Bachelor host Chris Harrison has revealed he will be stepping back from his role as emcee for the show “for a period of time” amid controversy over his comments about Rachael Kirkconnell‘s racism scandal — but what did he say? Here’s everything we know about his problematic statements concerning Matt James‘ contestant.
“First and foremost, I don’t know. I haven’t talked to Rachael about it. And this is, again, where we all need to have a little grace, a little understanding, a little compassion,” Harrison said during the interview. “Because I’ve seen some stuff online — again this judge-jury-executioner thing — where people are just tearing this girl’s life apart and diving into, like, her parents and her parents’ voting record. It’s unbelievably alarming to watch this. I haven’t heard Rachael speak on this yet. And until I actually hear this woman have a chance to speak, who am I to say any of this?”
The season 13 lead, 35, went on to ask him about photos of Kirkconnell at an antebellum-themed fraternity party at a plantation. Lindsay asserted that the photos, which were taken in 2018, were “not a good look” for Kirkconnell amid claims the contestant had liked racist Facebook posts and mistreated a high school classmate for “liking Black guys.”
“You’re 100 percent right in 2021,” Harrison responded to Lindsay. “That was not the case in 2018. And again, I’m not defending Rachael. I just know that, I don’t know, 50 million people did that in 2018. That was a type of party that a lot of people went to. And again, I’m not defending it; I didn’t go to it.”

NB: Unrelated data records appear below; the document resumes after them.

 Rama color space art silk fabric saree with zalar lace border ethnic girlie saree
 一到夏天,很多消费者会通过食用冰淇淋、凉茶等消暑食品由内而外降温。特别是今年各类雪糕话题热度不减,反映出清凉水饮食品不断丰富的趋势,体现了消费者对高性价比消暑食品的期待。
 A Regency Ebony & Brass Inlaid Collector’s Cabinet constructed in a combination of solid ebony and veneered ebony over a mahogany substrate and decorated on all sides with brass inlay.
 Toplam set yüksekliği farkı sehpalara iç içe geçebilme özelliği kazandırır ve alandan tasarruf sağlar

The following day, the Texas native took to Instagram to apologize for his comments during the interview. “To my Bachelor Nation family — I will always own a mistake when I make one, so I am here to extend a sincere apology,” he wrote via Instagram. “I have this incredible platform to speak about love, and yesterday, I took a stance on topics about which I should have been better informed. While I do not speak for Rachael Kirkconnell, my intentions were simply to ask for grace in offering her an opportunity to speak on her own behalf.”
“What I now realize I have done is cause harm by wrongly speaking in a manner that perpetuates racism, and for that, I am so deeply sorry,” he continued. “I also apologize to my friend Rachel Lindsay for not listening to her better on a topic she has a first-hand understanding of, and humbly thank the members of Bachelor Nation who have reached out to me to hold me accountable.”

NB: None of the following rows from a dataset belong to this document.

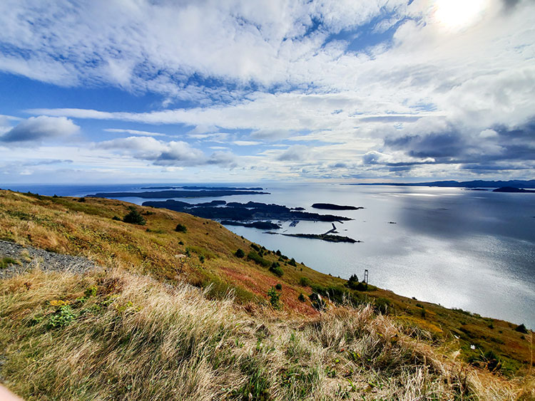 faces Womens Bay and the city of Kodiak. Occasional low-flying air traffic (Hercules C-130s and Jaybird helicopters) from the nearby Coast Guard station ads to the otherworldly views of the landscape.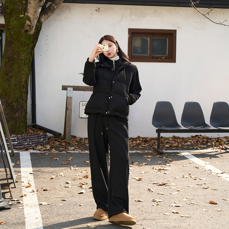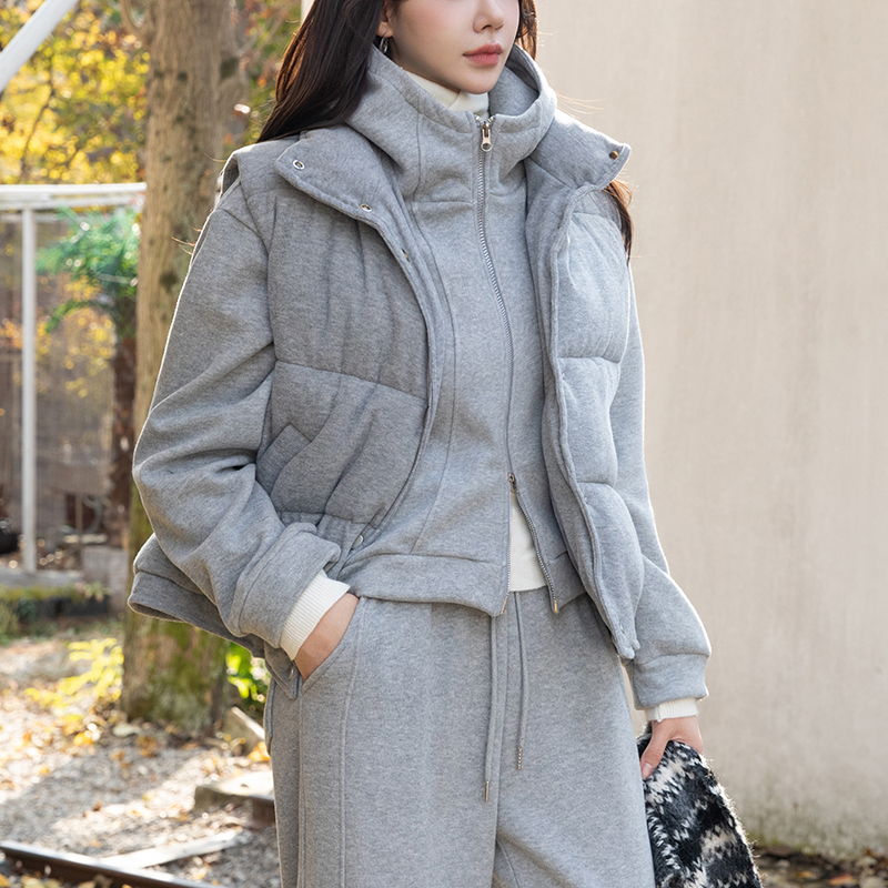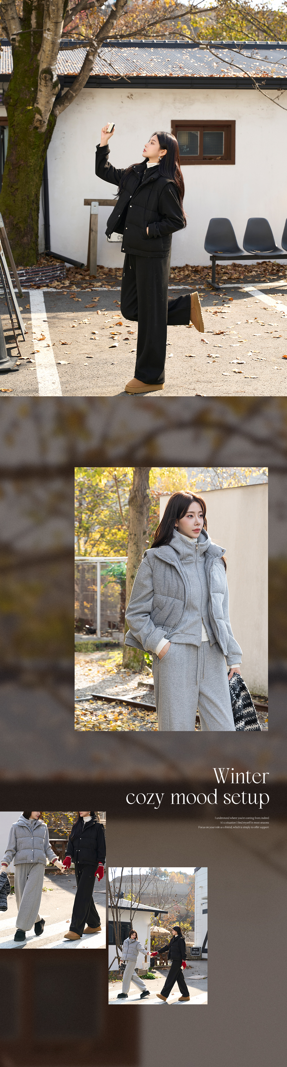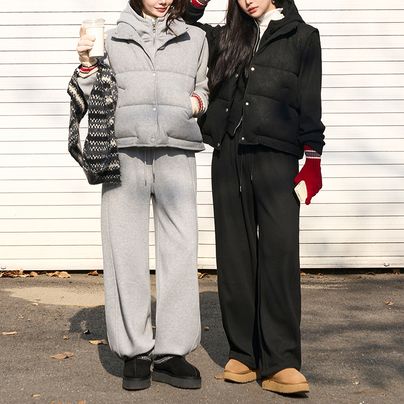 - 조끼, 후드집업, 팬츠로 구성된 3세트로 각각 단독 또는 함께 착용 가능함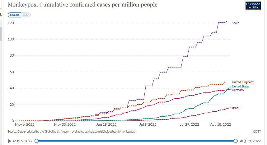 Here is the per million case numbers, but in the linear display. I think the US is actually still quite a bit behind Spain in that regard, but the trajectory is still bad.
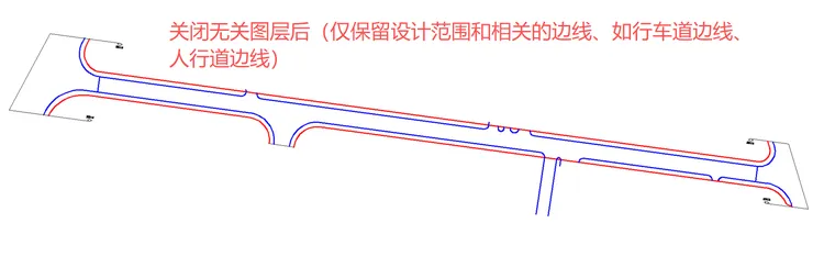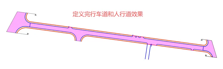 6、定义路缘石方法同上,下拉选择路缘石类型并点击确定,然后在CAD中选择要定义成目标路缘石类型的直线、圆弧或多段线即可,行车道、人行道定义完成效果如下;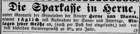 Die Sparkasse Herne wurde schon am 24. August 1860[1] ins Leben gerufen und als öffentliche Sparkasse am 1. Januar 1867 gegründet. Ein Zeitungsinserat kündigte den Beginn des Geschäftsbetriebs an – unterzeichnet vom Ehren-Amtmann von Forell. Die Eröffnung fand ohne große Feier statt und erfolgte in einfachen Räumlichkeiten in der Schulstraße 3, verwaltet von Wilhelm Sprick, dem ersten Rendanten. Bereits im ersten Jahr wurden 172 Konten mit einem Einlagenbestand von 82 283 Talern, 10 Silbergroschen und 5 Pfennigen geführt.[2][3]

On Saturday, February 13, Harrison revealed he would be temporarily stepping back from his hosting role with the franchise in an effort to get “educated on a more profound and productive level than ever before.”
“I have spent the last few days listening to the pain my words have caused and I am deeply remorseful. My ignorance did damage to my friends, my colleagues and strangers alike,” the ABC personality wrote in an Instagram statement. “I have no one to blame but myself for what I said and the way I spoke. I set standards for myself and I have not met them. I feel that with every fiber of my being. Now, just as I taught my children to stand up, and to own their actions, I will do the same.”

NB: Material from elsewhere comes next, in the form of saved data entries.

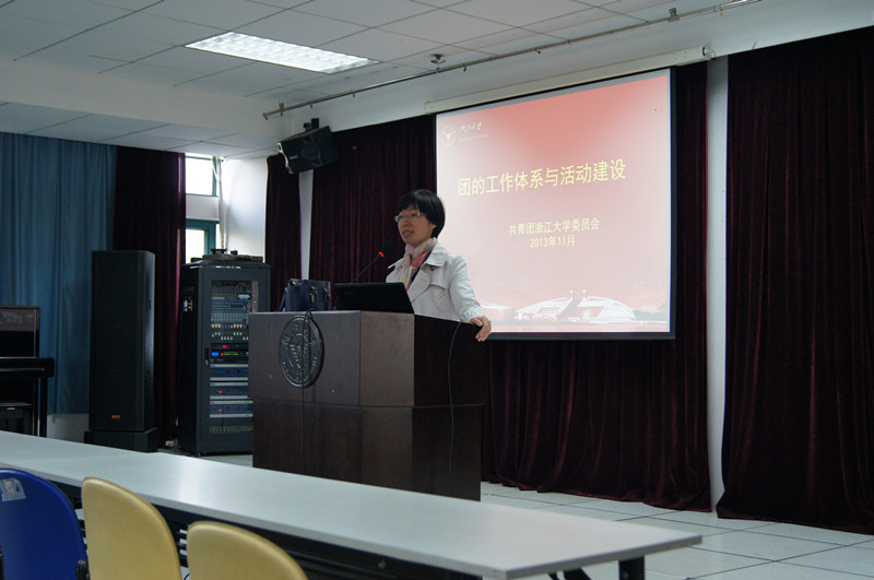 20131117日,由王万成老师首讲“团的组织建设与团干部能力培养”一课。王老师结合党、团组织发展的曲折性,对大家提出了三点期望:一是不要在意自己的位置,认真做事,妥善处理人际关系;二是目光要长远,不要在乎一时;三是要加强自身的修养,明确团支书的工作流程。徐洁老师的主题是“团的工作体系与活动建设”。她从时代对青年的要求入手,对大家进行思想启发。她还向大家介绍了共青团的工作体系,并说明了团支书的重要作用,详细阐述了共青团的基层支部建设以及支部活动组织展开的框架等,更为大家放映活动视频来具体说明。第三堂课“团的思想引领工作和团员意识教育”由沈晓华老师从五个方面进行阐述。她向大家介绍了当前团员青年的思想意识现状及团的思想引领面临的挑战,说明了团的思想引领工作包含体现时代特征、结合青年特点、注意分类指导的原则。最后,沈老师还向团支书介绍了具体的工作方法,以帮助大家在今后的工作中尽快适应。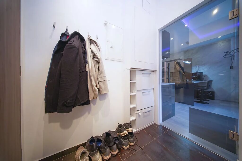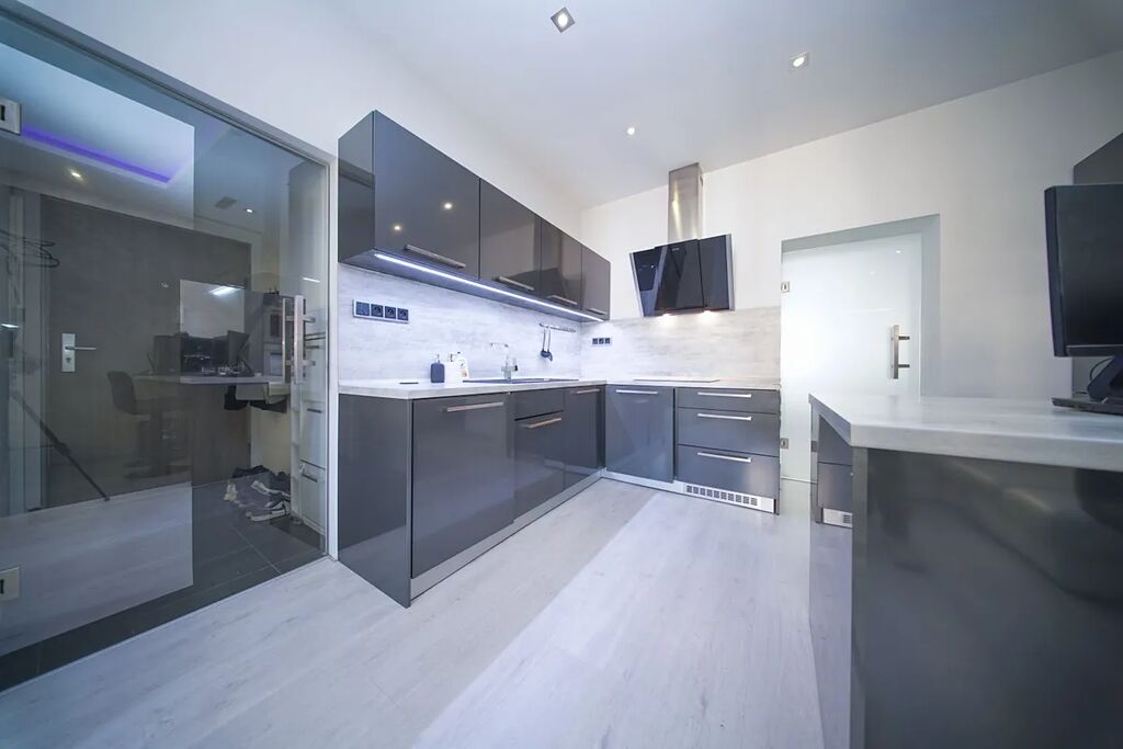 Vysoké stropy (284 cm) se sádrokartonovými podhledy s bodovým osvětlením a s dálkově ovládaným barevným led podsvícením.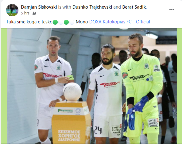 Ndeshja e javës së 15-të në elitën e futbollit qipriot midis Achnas dhe Doxa kaloi në regji të lojtarëve shkupjan, Damjan Shishkovski, Dule Trajçevski dhe Berat Sadik, njofton “infOSport.mk”.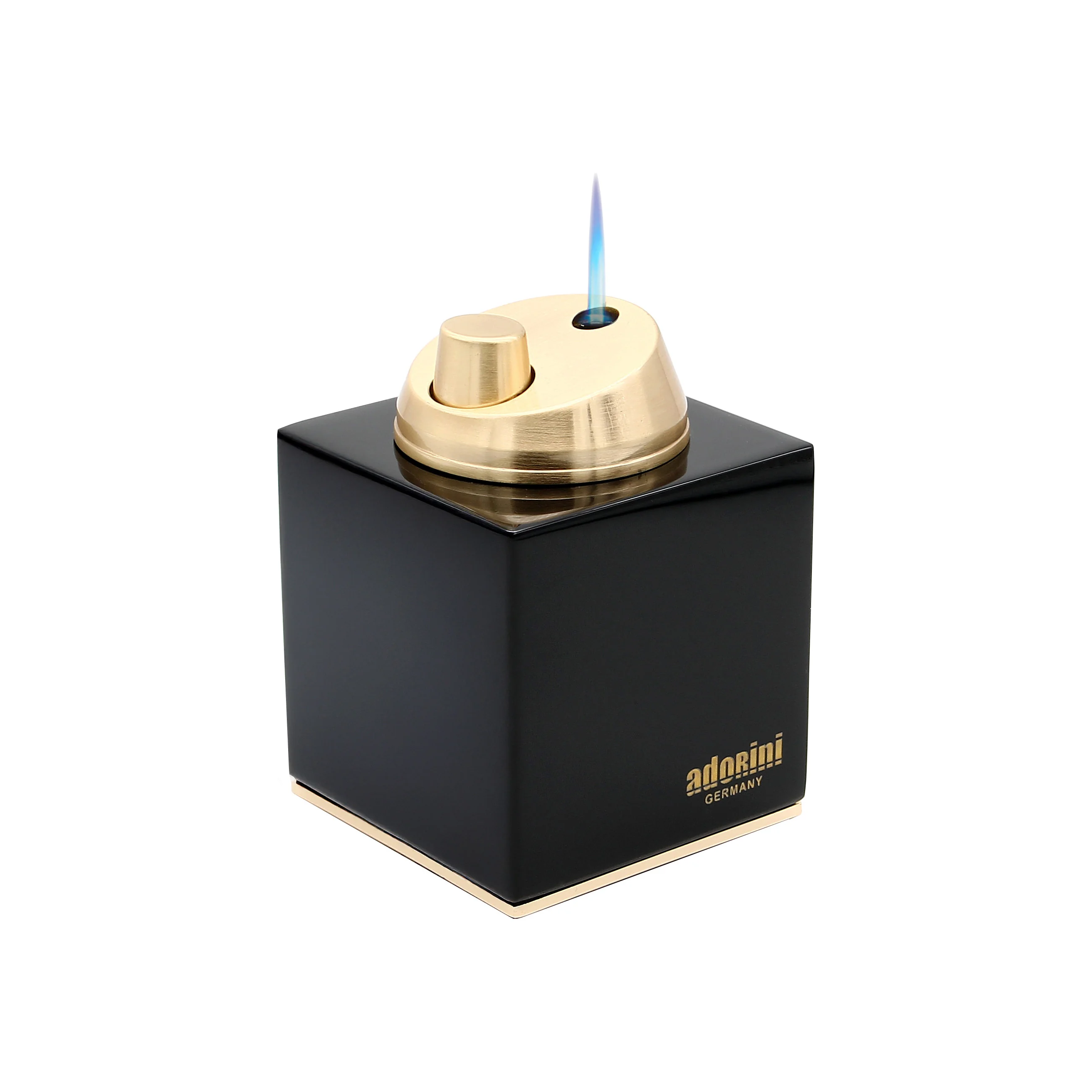 Accendino adorini con Fiamma a Getto da Tavolo Nero Lucido Oro

He added, “This historic season of The Bachelor should not be marred or overshadowed by my mistakes or diminished by my actions. To that end, I have consulted with Warner Brothers and ABC and will be stepping aside for a period of time and will not join for the After the Final Rose special.”
Kirkconnell released her own apology on February 11. “While there have been rumors circulating, there have also been truths that have come to light that I need to address. I hear you, and I’m here to say I was wrong,” the Cumming, Georgia, native wrote via Instagram. “At one point, I didn’t recognize how offensive and racist my actions were, but that doesn’t excuse them. My age or when it happened does not excuse anything. They are not acceptable or OK in any sense. I was ignorant, but my ignorance was racist.”
“I am sorry to the communities and individuals that my actions harmed and offended,” her statement continued. “I am ashamed about my lack of education, but it is no one’s responsibility to educate me. I am learning and will continue to learn how to be antiracist, because it’s important to speak up in the moment and not after you’re called out. If you are a person who doesn’t understand the offense in question, I urge you to learn from my mistakes and encourage you to use them as a teachable moment.”
Nearly two weeks later, James spoke out about the controversies surrounding Kirkconnell and Harrison. “The past few weeks have been some of the most challenging of my life,” the 29-year-old wrote in a statement on February 22.
“The reality is that I’m learning about these situations in real-time, and it has been devastating and heartbreaking, to put it bluntly,” he continued via Instagram. “Chris’ failure to receive and understand the emotional labor that my friend Rachel Lindsay was taking on by graciously and patiently explaining the racist history of the Antebellum South, a painful history that every American should understand immediately, was troubling and painful to watch. As Black people and allies immediately knew and understood, it was a clear reflection of a much larger issue that The Bachelor franchise has fallen short on addressing adequately for years.”
He added, “It has also pushed me to reevaluate and process what my experience on The Bachelor represents, not just for me, but for all of the contestants of color, especially the Black contestants of this season and seasons past, and for you, the viewers at home. I will continue to process this experience, and you will hear more from me in the end.”